Non puoi perdertelo, è diventato leggendario | Il biscotto che strega i palermitani a Natale
Scopri come il buccellato è entrato nel cuore dei palermitani a Natale e perché nasconde una curiosità che lascerà tutti senza fiato!

Un simbolo natalizio che ha messo KO panettone e pandoro
Il buccellato, detto anche cucciddatu in dialetto siciliano, è annoverato tra i più importanti Prodotti Agroalimentari Tradizionali (P.A.T.) —non un semplice dolce, ma un simbolo del Natale palermitano. Le sue origini affondano nel latino “buccellatum”, letteralmente “bocconcino”, nome che i Romani utilizzavano per un pane secco, a ciambella, cucinato durante le feste. Successivamente elaborato in Toscana (luoghi come Lucca), prese forma definitiva in Sicilia grazie all’influenza degli arbëreshë e dei mercanti lucchesi, creando quello che oggi identifichiamo come buccellato natalizio di Palermo.
Ingredienti, preparazione e cultura palermitana
Il vero cuore del buccellato è nelle sue spezie e nella frutta secca: fichi, uvetta, mandorle, nocciole, noci, canditi, spesso arricchiti da un filo di Marsala, miele e spezie come cannella o noce moscata. Confezionato in pasta frolla friabile, viene modellato a ciambella o in piccole forme di biscottini, spesso decorati con glassa, scorze di agrumi o codette colorate. La sua presenza sulle tavole dei palermitani è immancabile dal periodo dell’Immacolata fino a Capodanno: tante famiglie trasmettono la propria ricetta segreta da una generazione all’altra, trasformando la preparazione in un vero e proprio rito domestico fatto di impasti condivisi, storie sussurrate e memorie collettive.

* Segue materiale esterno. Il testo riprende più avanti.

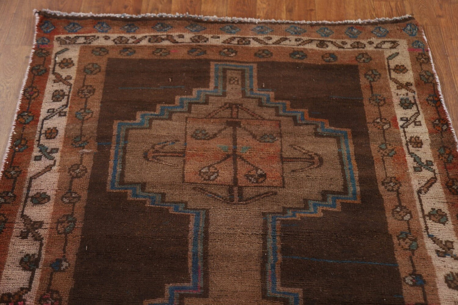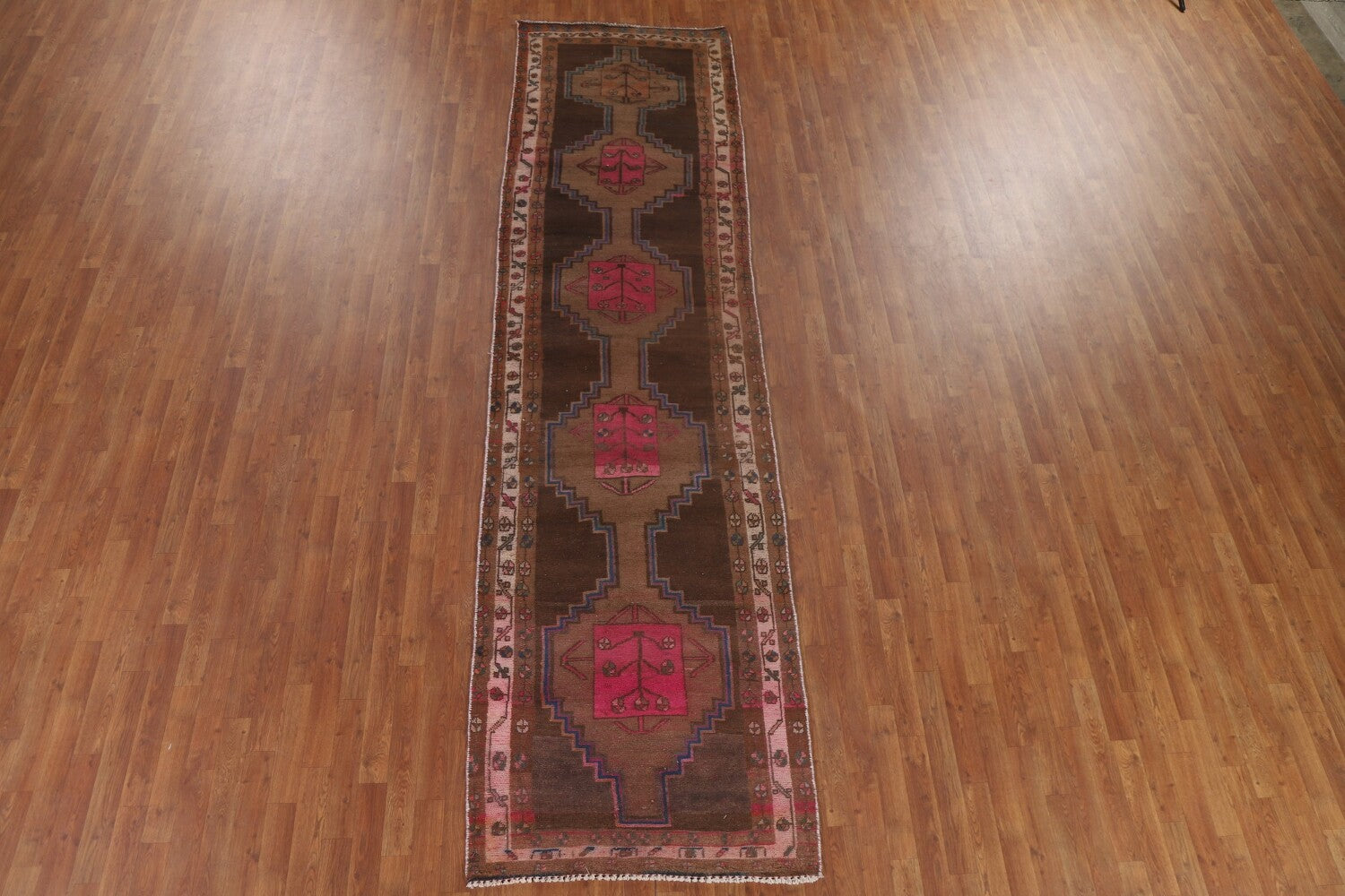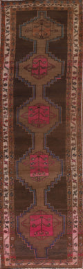 Tribal Brown Ardebil Persian Runner Rug 3x13

Un dolce che racconta Palermo e i suoi legami culturali
A Palermo, il buccellato non è solo un’assaggio dolce: è uno specchio di identità. Nella Loggia dei mercanti lucchesi del Medioevo, la ricetta ha avuto una sua prima versione islandese, mentre con la civiltà araba si aggiunsero agrumi e spezie, creando un mix che divenne poi emblematico della Sicilia. La versione palermitana, vestita di pasta frolla friabile, ci trasporta nelle cucine delle nonne, tra profumi di miele caldo e scorze d’arancia candite, e incarna quel calore familiare e quel senso di appartenenza che porta ogni palermitano a ritrovare sé stesso durante le feste. Non troviamo pandoro o panettone? Poco importa: per i palermitani, niente scandalo, il re del Natale resta lui.
Curiosità: la madre di tutte le variazioni e il significato “sacro” dei diavoletti
Nel Medioevo, il buccellatum romano aveva la forma di corona o ciambella forata, pensata per essere appesa e trasportata, anche dalle legioni. La parola “buccellatum” deriva da “buccella” (boccone) e indica qualcosa di piccolo ma resistente — perfetto per soldati o marinai. Pare che, nel trecento, a Palermo, una comunità lucchese abbia introdotto una versione dolce di quel pane, arricchendolo con uvetta e frutta secca. Tuttavia, l’intervento più deciso avvenne durante la dominazione araba-normanna: fu allora che si aggiunsero agrumi canditi, miele e spezie, gettando le basi per la versione siciliana che conosciamo ancora oggi .
Ma la svolta palermitana è avvenuta con la decorazione: la glassa che ricopre il buccellato è spesso arricchita con codette colorate, note localmente come “diavoletti”. Alcuni studiosi sostengono che queste decorazioni avessero un valore simbolico: i diavoletti erano una “protezione” contro malocchio e spiriti, dando al dolce anche una componente rituale. Questa credenza fu tramandata oralmente dalle massaie palermitane fino alla metà del Novecento, parte di un complesso di usanze natalizie che comprendevano canti, preghiere e riflessioni sul valore della protezione familiare e della fertilità.
In alcune varianti palermitane del XIX secolo, si utilizzava un piccolo frammento di tela dorata, apposto sotto la decorazione, chiamato “pezzetto di fortuna”. Si credeva che chi lo trovava avrebbe avuto un anno prospero, e la tradizione vuole che quel pezzetto dorato fosse spesso incollato in segreto da anziane nonne. Questa pratica s'è persa nel tempo, ma alcune famiglie conservano ancora frammenti originali insieme alla ricetta.